I want to address only the concern that joining to mutiple tables will casue a performance hit. Do not be afraid to normalize because you will have to do joins. Joins are normal and expected in relational datbases and they are designed to handle them well. You will need to set PK/FK relationships (for data integrity, this is important to consider in designing) but in many databases FKs are not automatically indexed. Since they wil be used in the joins, you will definitelty want to start by indexing the FKS. PKs generally get an index on creation as they have to be unique. It is true that datawarehouse design reduces the number of joins, but usually one doesn't get to the point of data warehousing until one has millions of records needed to be accessed in one report. Even then almost all data warehouses start with a transactional database to collect the data in real time and then data is moved to the warehouse on a schedule (nightly or monthly or whatever the business need is). So this is a good start even if you need to design a data warehouse later to improve report performance.
I must say your design is impressive for a first year CS student.

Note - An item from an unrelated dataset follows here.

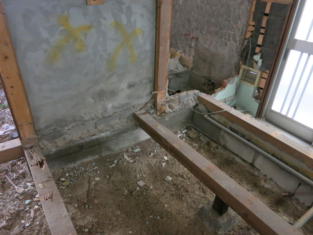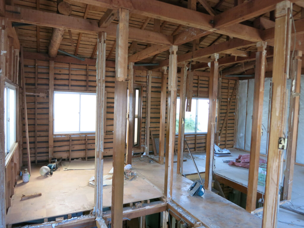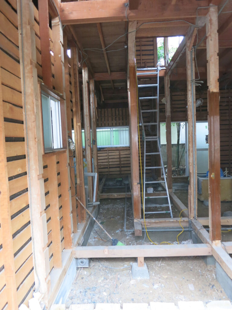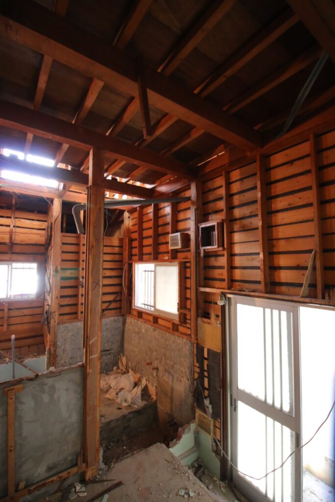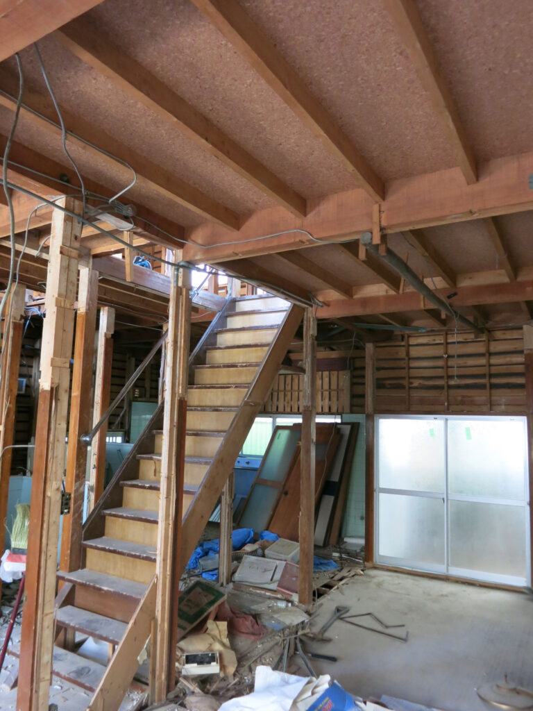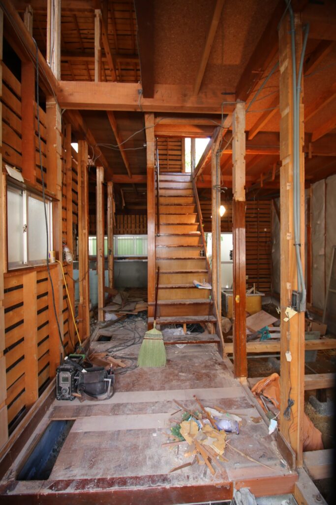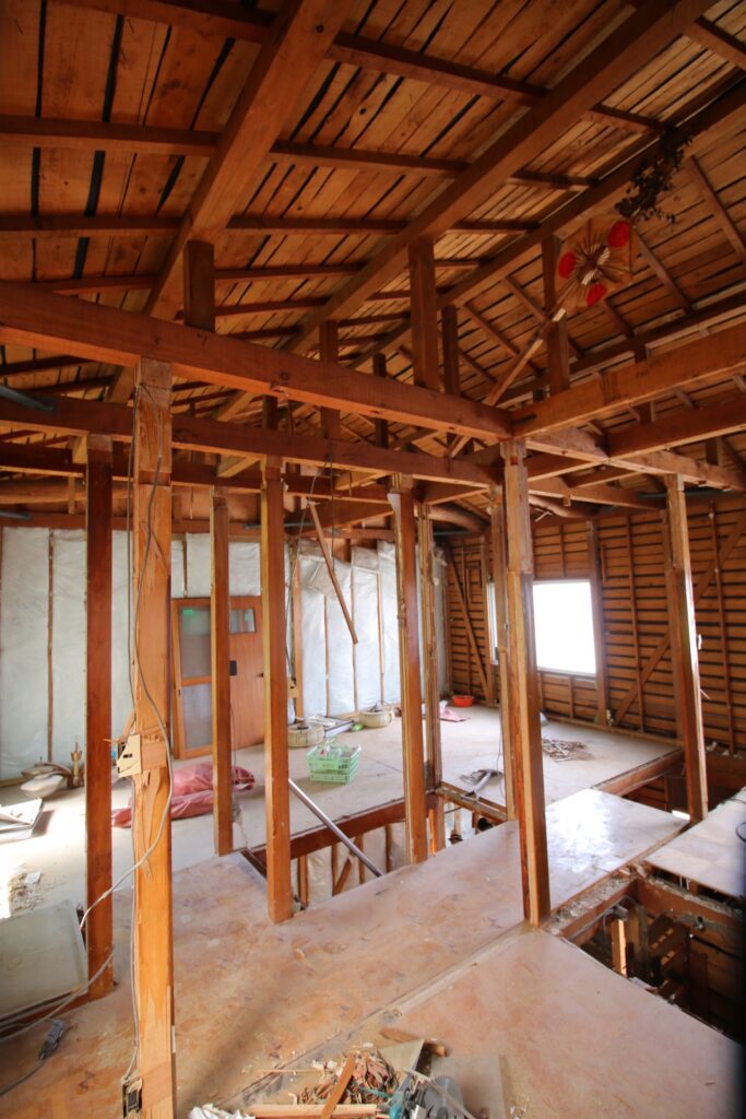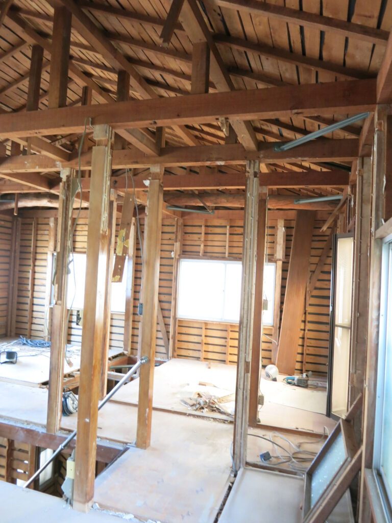 どの部分を撤去して、どの部分を生かして使うか、この後の工程、耐震設計を考えながら撤去してゆく。

It isn't over-engineered, this is how I would approach the problem. Joining is fine, there won't be much of a performance hit (it's completely necessary unless you de-normalise the database out which isn't recommended!). For statuses, see if you can use an enum datatype instead to optimise that table out.
I've worked in the training / school domain and I thought I'd point out that there's generally a M:1 relationship between what you call "sessions" (instances of a given course) and the course itself. In other words, your catalog offers the course ("Spanish 101" or whatever), but you might have two different instances of it during a single semester (Tu-Th taught by Smith, Wed-Fri taught by Jones).
Other than that, it looks like a good start. I bet you'll find that the client domain (graphs leading to "clients") is more complex than you've modeled, but don't go overboard with that until you've got some real data to guide you.
A few things came to mind:
The tables seemed geared to reporting, but not really running the business. I would think when a client signs up, there's essentially an order being placed for the client attending a list of sessions, and that order might be for multiple employees in one company. It would seem an "order" table would really be at the center of your system and driving your data capture and eventual reporting. (Compare the paper documents you've been using to run the business with your database design to see if there's a logical match.)
Companies often don't have divisions. Employees sometimes change divisions/departments, maybe even mid-session. Companies sometimes add/delete/rename divisions/departments. Make sure the possible realtime changing contents of your tables doesn't make subsequent reporting/grouping difficult. With so much contact data split over so many tables, you might have to enforce very strict data entry validation to keep your reports meaningful and inclusive. Eg, when a new client is added, making sure his company/division/department/city match the same values as his coworkers.
The "packs" concept isn't clear at all.
Since you indicate it's a small business, it would be surprising if performance would be an issue, considering the speed and capacity of current machines.